Organizados pelo MTST (Movimento dos Trabalhadores Sem Terra), membros das comunidades do Jardim Arizona, Jd. Pantanal (zona leste), Jd. Bananal, Jd. Irene e Boulevard da Paz, a maioria na zona sul da cidade, próximos à estrada de M. Boi Mirim. Os moradores protestam contra ações de despejo e reintegração de posse não notificadas pela prefeitura, além de recorrentes atos de truculência da polícia civil metropolitana que, segundo eles, tem quebrado barracos e casas enquanto seus donos estão trabalhando.
Virginia Oliveira de Jesus, da comitê da comunidade do Jardim Arizona, explicou que desde abril do ano passado há recorrentes ações de despejo sem aviso prévio, pegando moradores desprevinidos. Ela estava na primeira tentativa de negociação, com 13 membros das comissões locais. "A prefeitura falou que nós éramos bandidos", contou, disse que os acusaram de viverem em propriedades privadas, sem informar quem está movendo as ações de despejo. "O meu pedaço estava comprado, eu paguei por ele, não importa quem deixou o lugar abandonado", afirmou. A região do Jardim Arizona tem sido habitada há quase 20 anos, de acordo com os moradores, e possui quase 7 mil famílias - 1500 delas podem perder suas casa.

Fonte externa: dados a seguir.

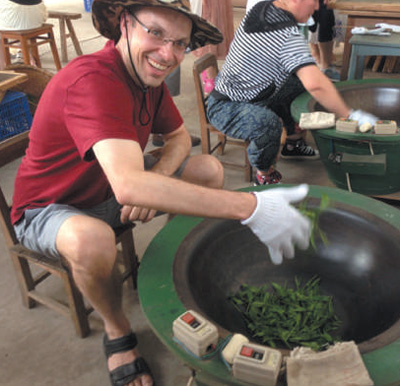 桑国亚在安徽黄山体验制茶。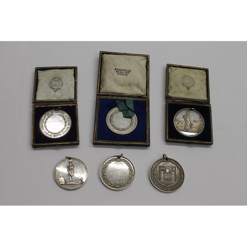 The second with College Coat of Arms front, the reverse engraved William F Stockley. Composition. Session 1882-83. Weight 47.5 grams.

Além de se manifestarem contra despejos, as comunidades exigem da prefeitura projetos imediatos para a urbanização dos locais, garantidas do cumprimento das medidas de saneamento básico e transparência quanto a possíveis realocações e auxílios de aluguel e moradia, nesses casos. Guilherme Boulos, do MTST, coordenou uma breve assembleia entre os manifestantes, esclarecendo que o objetivo ali não era de ocupar os prédios da Secretaria de Habitação, ou da Cohab. "Nosso objetivo é suspender todas as ações de despejo nas regiões", declarou. De acordou com ele, moradores tem recebido cheques de 5 mil reais para deixarem suas casas, valor que "não dá nem para o trabalhador montar um barraco em área de risco".